为什么 C++ 标准容器迭代器会忽略其底层容器的一些模板参数？

Question

Here is a specific example. In the code below, I would have expected a compilation error like "cannot assign value of type std::map< int, int, cmp >::iterator to variable of type std::map< int, int >::iterator". However, I am able to compile the code without any issues (g++ C++20 Wall).
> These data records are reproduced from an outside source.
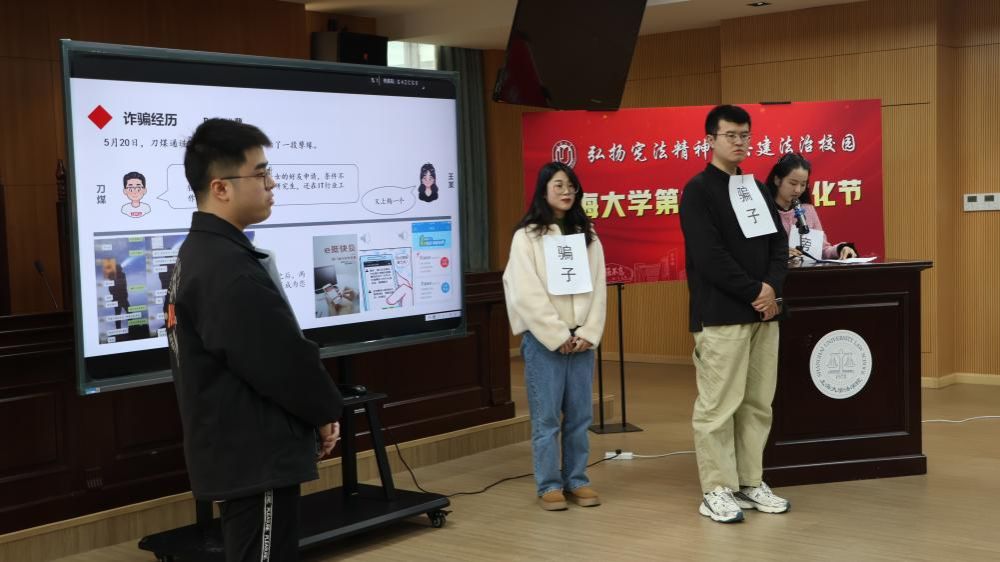 为进一步加强防范电信网络诈骗宣传的实效性,充分发挥sunbet申搏法科青年在校园反诈工作中的主观能动性,法学院尚法反诈宣讲团不断丰富宣传形式,更新宣传内容。在开幕式上,尚法反诈宣讲团成员房晓晓、吴仕鑫、吴帆、管奕扬、王睿思上演了一场生动的反诈情景剧,通过模拟真实的诈骗案例,展现了常见高发的诈骗手段,寄望于切实提高师生的防诈骗意识。
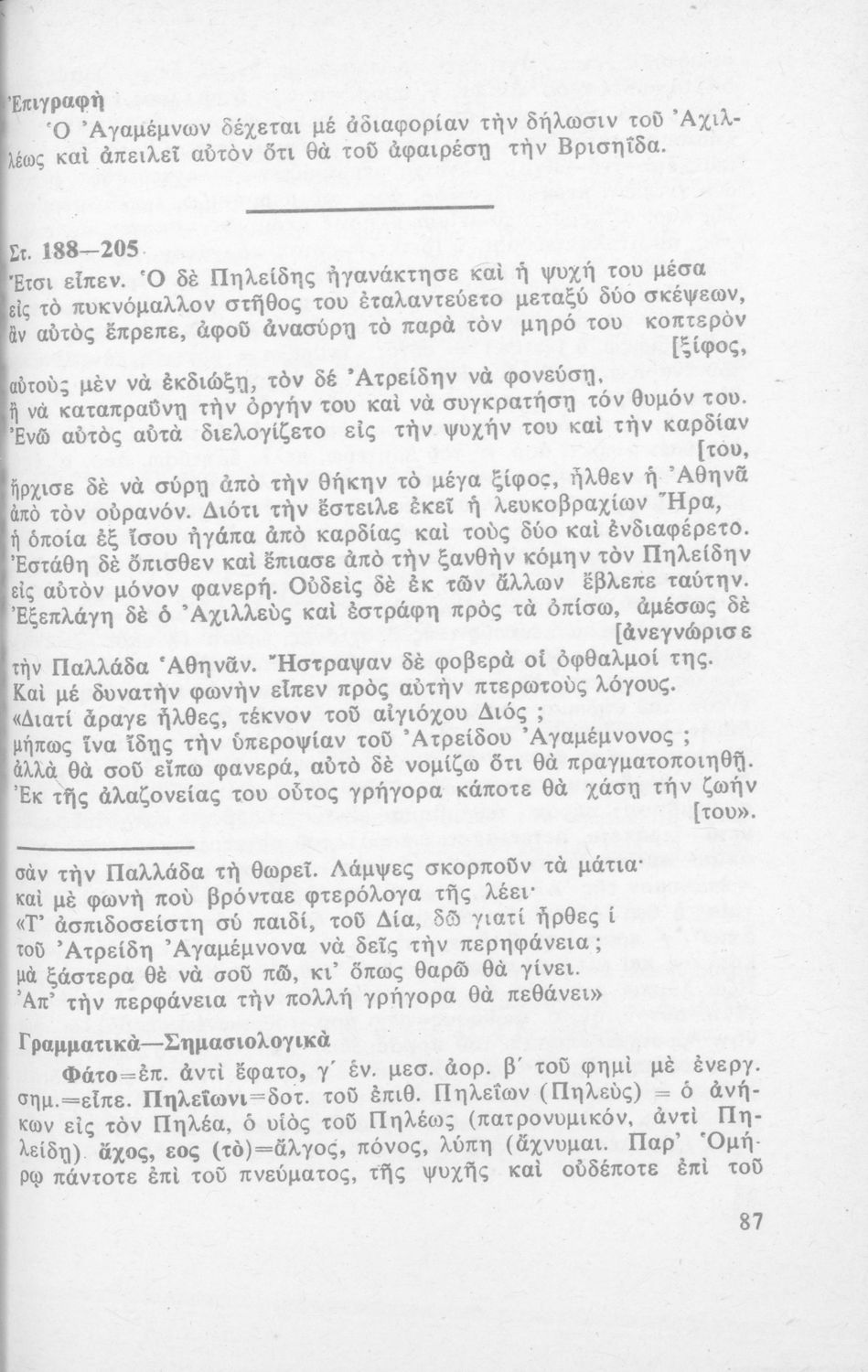 Μαθητικό βοήθημα Αρχαίων Ελληνικών για τους μαθητές της Ε' τάξης των Γυμνασίων. Περιέχει το κείμενο, μετάφραση, γραμματικά και συντακτικά σχόλια.
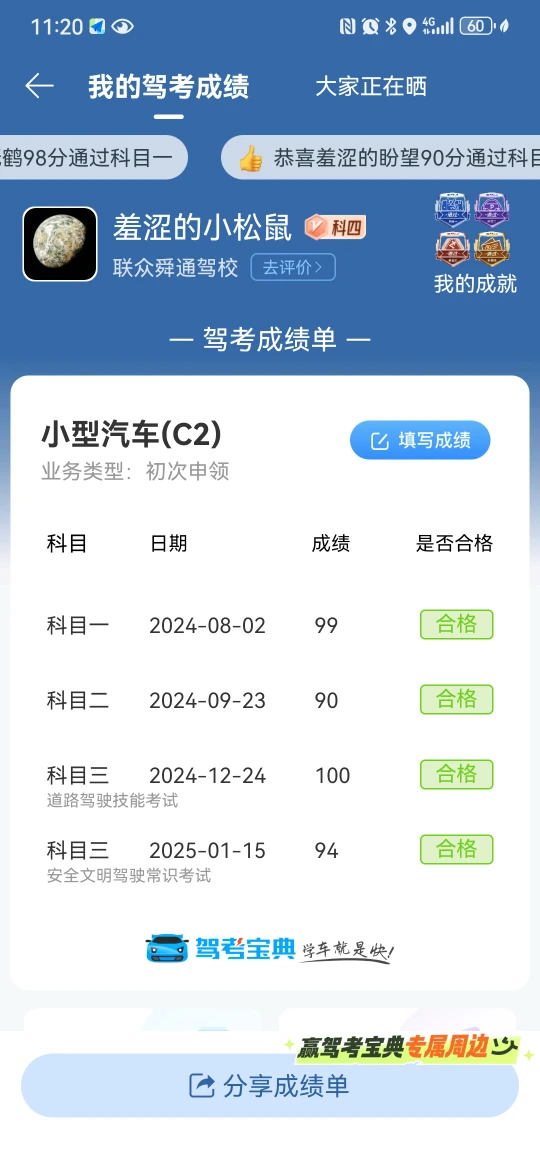 感谢驾考宝典,!让我从科一到科四都是一把过,拿到自己驾照了!!
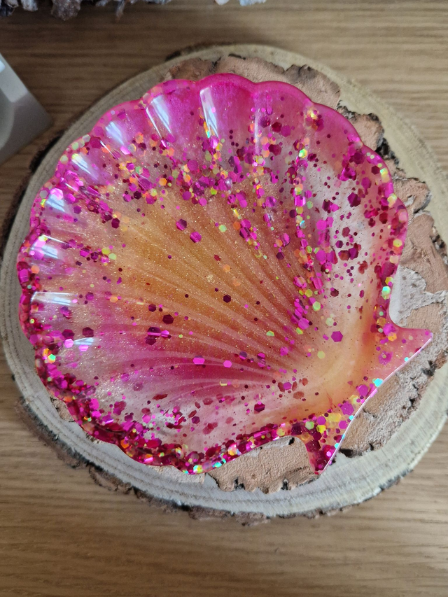 Sparkly shell shaped trinket tray made with gold, pink and glittery clear resin.

Thanks for help.

#include <map>

struct cmp {
    bool operator()(const int a, const int b) const { return a > b; }
};

int main(int argc, char *argv[]) {

    std::map<int, int> m1;
    std::map<int, int>::iterator m1_it = m1.begin();

    std::map<int, int, cmp> m2;
    std::map<int, int, cmp>::iterator m2_it = m2.begin();

    // Why do these work?
    m1_it = m2.begin();
    m2_it = m1.begin();

    return 0;
}

Answer 1

Standard sets few constraints on iterator types and just impose some behaviours.

In particular:

• they don't have to be in namespace std . So T* might be a valid iterator for std::vector<T> .
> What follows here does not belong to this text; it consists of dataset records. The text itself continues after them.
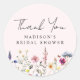 Autocollants de remerciement élégants pour baby shower de mariage avec une bordure inférieure de fleurs sauvages aquarelles et feuillage dans des nuances de rose, jaune, violet, bleu et vert sur un fond rose blush. Personnalisez les autocollants de remerciement de baby shower de mariage avec le nom de la future mariée. Les autocollants personnalisés de fleurs sauvages sont parfaits pour les baby showers de mariage printaniers et estivaux.
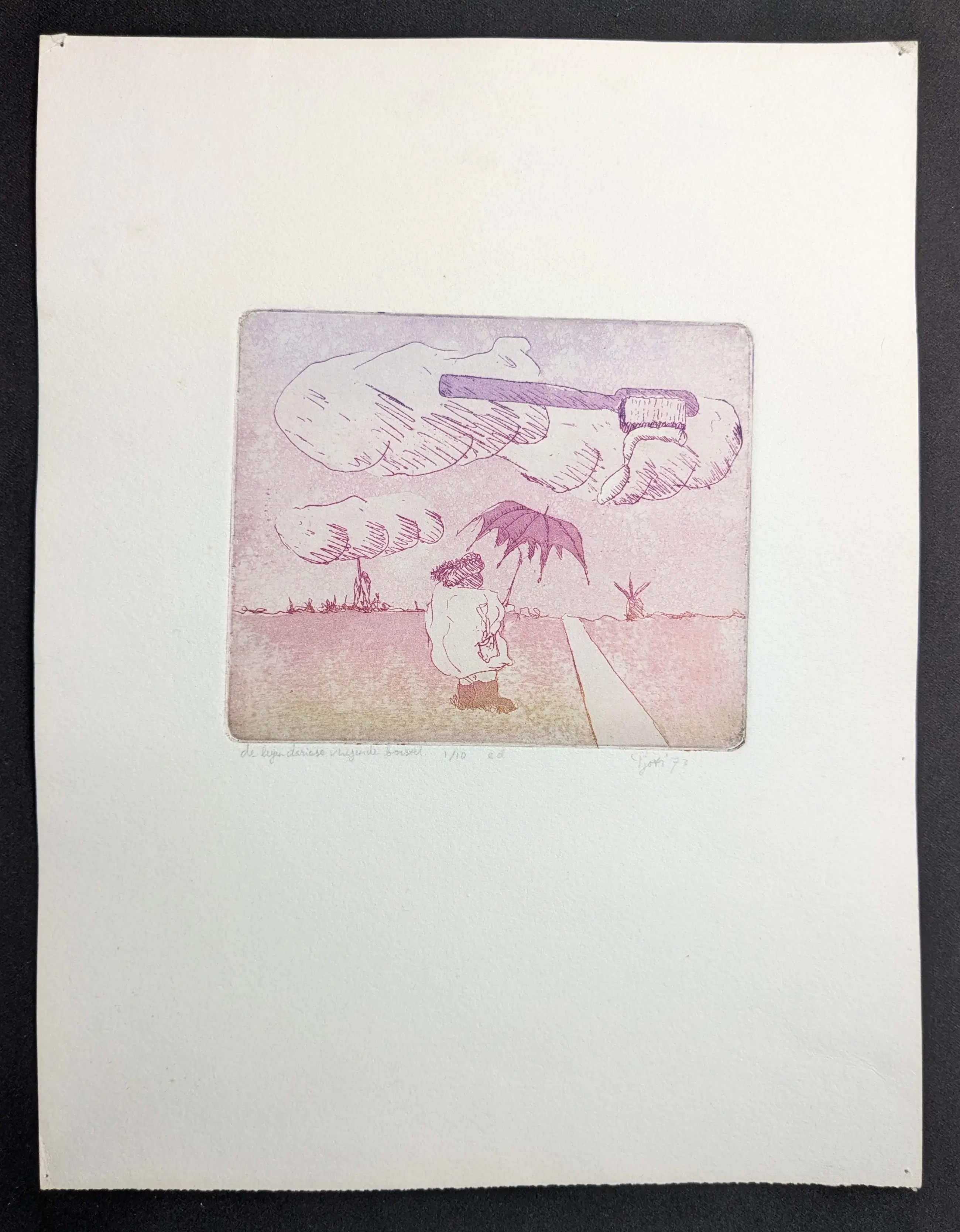 Op de ets staat een surrealistisch landschap afgebeeld. Centraal ligt een enorme vliegende tandenborstel op een wolk. Op de haren van de borstel ligt een portie tandpasta hetgeen de indruk wekt dat de wolken worden gepoetst. Verder staat een figuur met paraplu te kijken naar het tafereel. Een weggetje zorgt voor de diepte in de prent, leidend naar een dorp en een molen. Een grappige conversation piece in zachte kleuren.
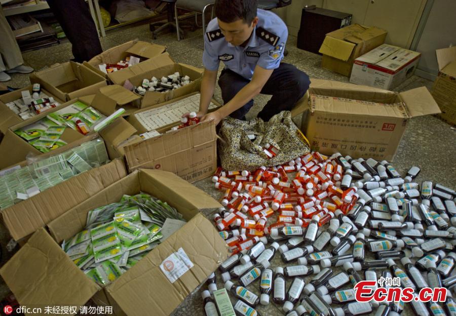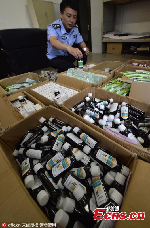 A police officer shows drugs seized during a raid at a police station in Shenyang City, the capital of Northeast China’s Liaoning Province, July 12, 2016. Local police have busted a drug ring that used the Internet to traffic drugs, catching 17 suspects and confiscating drugs with a market value of more than 1.6 million yuan ($239,000). (Photo/IC)
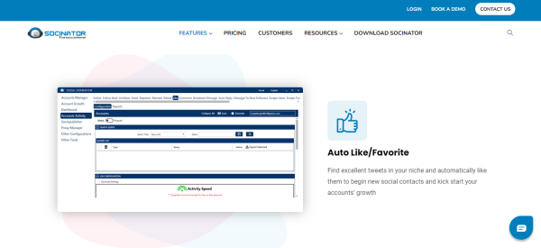 O Socinator é conhecido não apenas por seu Liker automático no Twitter, mas também aumentará seu engajamento e ROI no Twitter. O que essa ferramenta vai te dar? Você pode seguir automaticamente, seguir de volta, curtir, comentar, retweetar, enviar mensagens automáticas, etc., entre muitos outros.
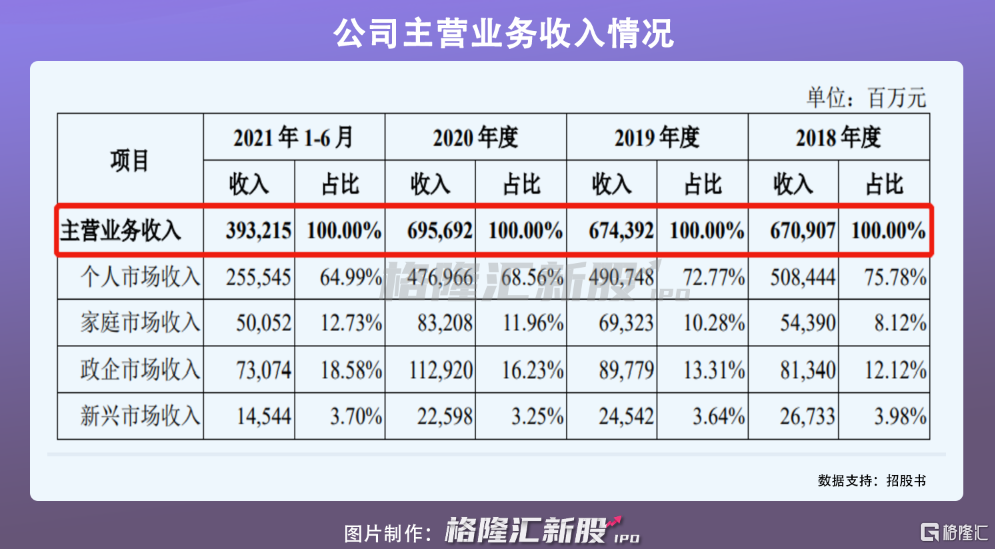 中國移動主營業務分爲四個部分:個人市場、家庭市場、政企市場、新興市場。其中,個人市場業務是公司主要收入來源,近三年半佔營收比重超過60%以上。

• they don't have to have same template parameters than their container. For above example T* might be an iterator for std::vector<T, Allocator> for any Allocator .

Whereas, indeed, it is less type safe, less template parameter allows less instantiations (faster compilation, less generated similar code, ...).

Notice that your code might not compile for compilers/libraries which uses all template parameters for their iterators.

Answer 2

One practical reason is that this might lead to smaller executables. Your two map types can share one iterator type, so all the iterator functions are also shared.